姜彭阳原也不怀疑,但那个女子神色不对劲,而且眼睛不老实,动作也是缓慢,似乎要故意多拖些时间。

他暗中指派卫千雪跟了一段,回来禀告,看样子真是有人要对付他。

“莫非是李信岩?”卢铭羽倒是一点不避讳,他了解姜彭阳的事。

姜彭阳也不恼,巡护司调查他,知晓酒楼的事不奇怪。

“我也不确定,又或者是我多心了。”姜彭阳摇摇头,他当然不会说是卫千雪报告,在卢铭羽面前,做个姿态,只当是猜测。

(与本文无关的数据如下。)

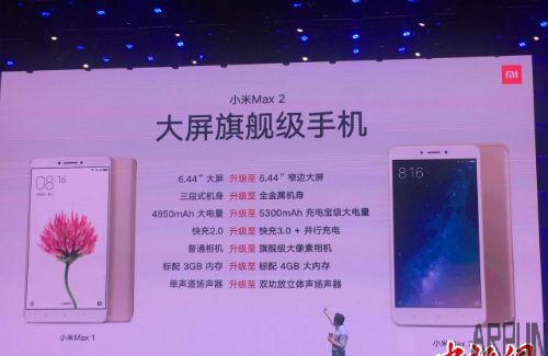 小米发布新一代大屏手机小米Max2,该机采用6.44英寸超大屏幕,升级至5300mAh充电宝级的超大电池,后置1200万...
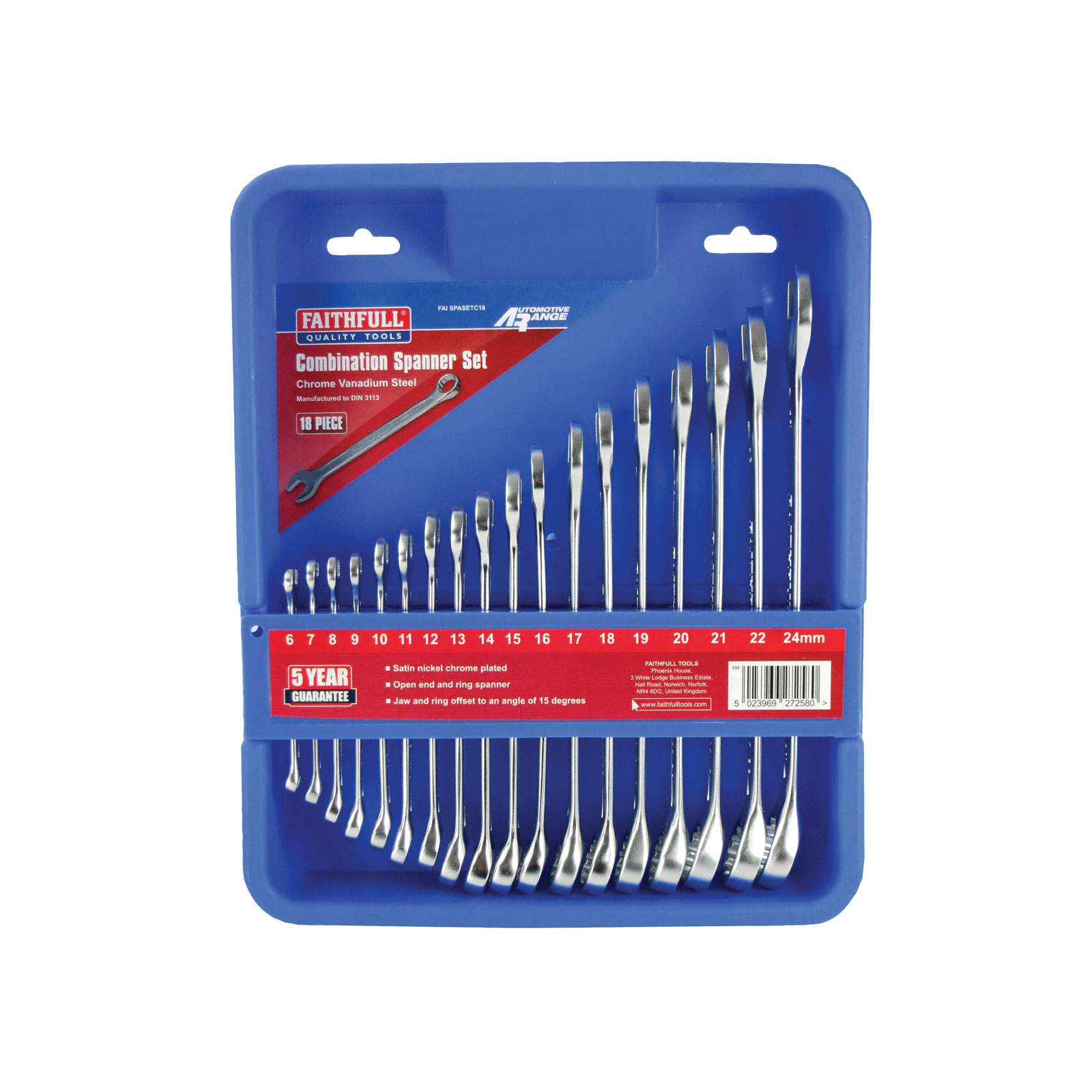10. Faithfull FAISPASETC18 Chrome Vanadium Combination Spanner Set, 18 Piece 266.88
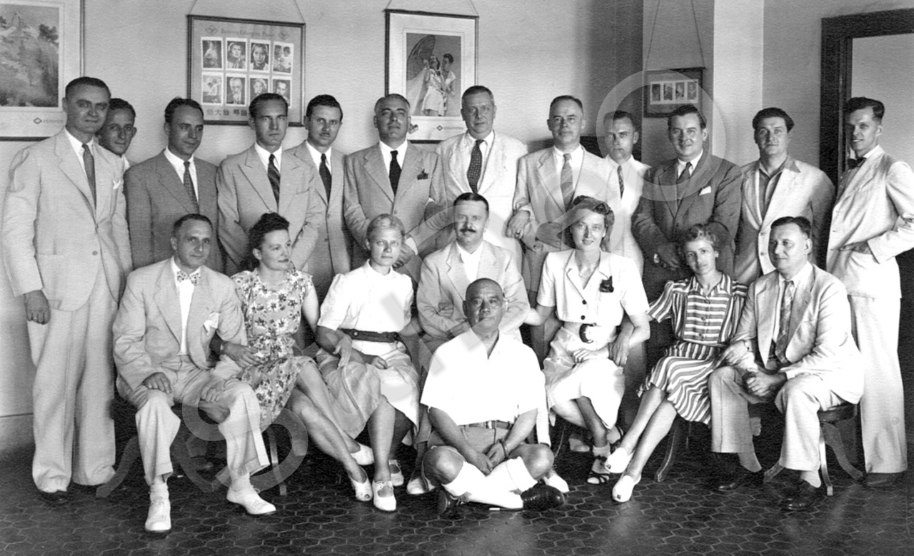 Beschreibung: Zum 25 Jubiläum von Carl G.J. Schwender in der Defag Tientsin. Stehen­de Reihe v.li. Bazeos?, ?, Frosch, W. Wicke, Zumfelde, Pedaschenko, Dr. L. May?, Felix Hesse, Walter. Sitzend v.li. Roll, Inge Breuer, Hilde Kapper, Carl Schwender, davor ?, Olga Kleemann, Eva Mock, P. Fritz.
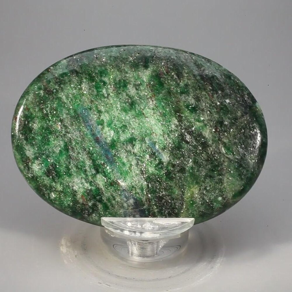 Fuchsite gets its wonderful green colour from the chromium it contains. The colour ranges from a pale, silvery shade to a deeper green that lifts and revives the spirits. Fuchsite is said to help solve problems. It is also believed to help us see and accept the flaws in people, whilst retaining a compassionate touch.
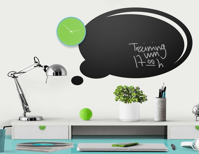 „Thought Bubble“ kann eindeutig mehr als nur cool auszusehen: wiederbeschreibbare Klebefolie, schnell montiert, leicht zu reinigen, in den Farben Grün und Schwarz.
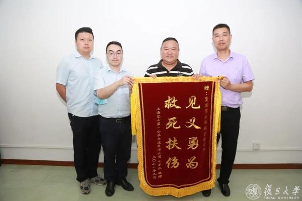 9月28日下午,在复旦大学袁成英楼,党委学生工作部第二党支部姚宏强同志从上海巴士公司代表手中接过锦旗,上面印着“见义勇为,救死扶伤”。姚老师一段专业、果断的急救事迹才被大家知晓。
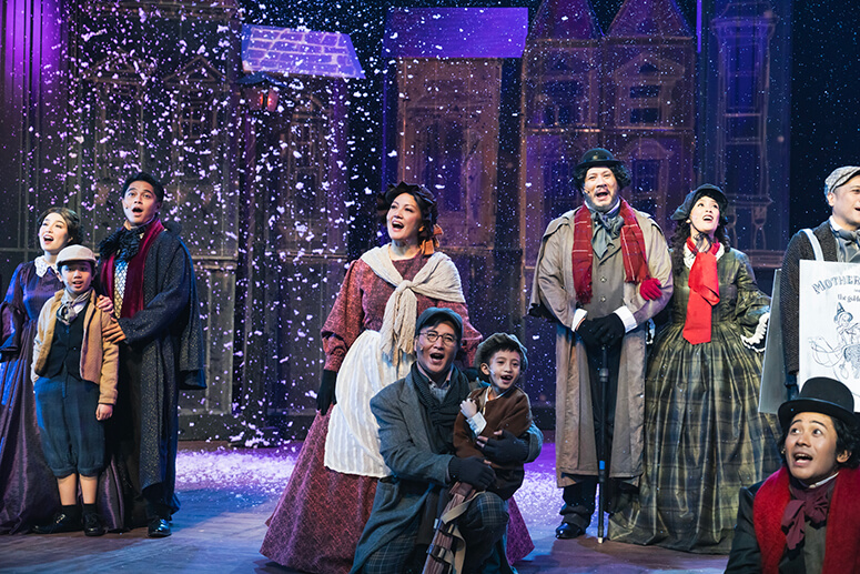 The audience at the Proscenium Theater may see a lot of the country’s political crisis and social discontent in the bleak winter landscape of Charles Dicken’s London of 1854, transposed into a stage backdrop of ominous Victorian houses, but they certainly came to escape all that, children in tow, to revel in a fantasy holiday tale with infectious melodies, soaring orchestral music and spectacular production numbers which A Christmas Carol, presented by Rockwell and 9Works Theatrical, ultimately delivered. But more than high-kicking entertainment, there is a story of redemption and hope that is in tune with the spirit of the season.

“无妨,如有幕后指使之人,是要我杀了他,还是灭他满门?”卢铭羽说的很轻松,仿佛捏死一只蝼蚁那么简单。

姜彭阳深深地看了卢铭羽一眼。

“不需要,杀人有何难?”

“那姜公子要……”

“自然是诛心。”姜公子笑道。

他嘱咐了卢铭羽一些事情,卢铭羽点点头,告辞离去。

次日,课间,明德书院轰动了。

有人到书院门口,状告姜彭阳玷污良家女子清白。

这可是件大事,一旦坐实,姜彭阳这辈子都要毁了。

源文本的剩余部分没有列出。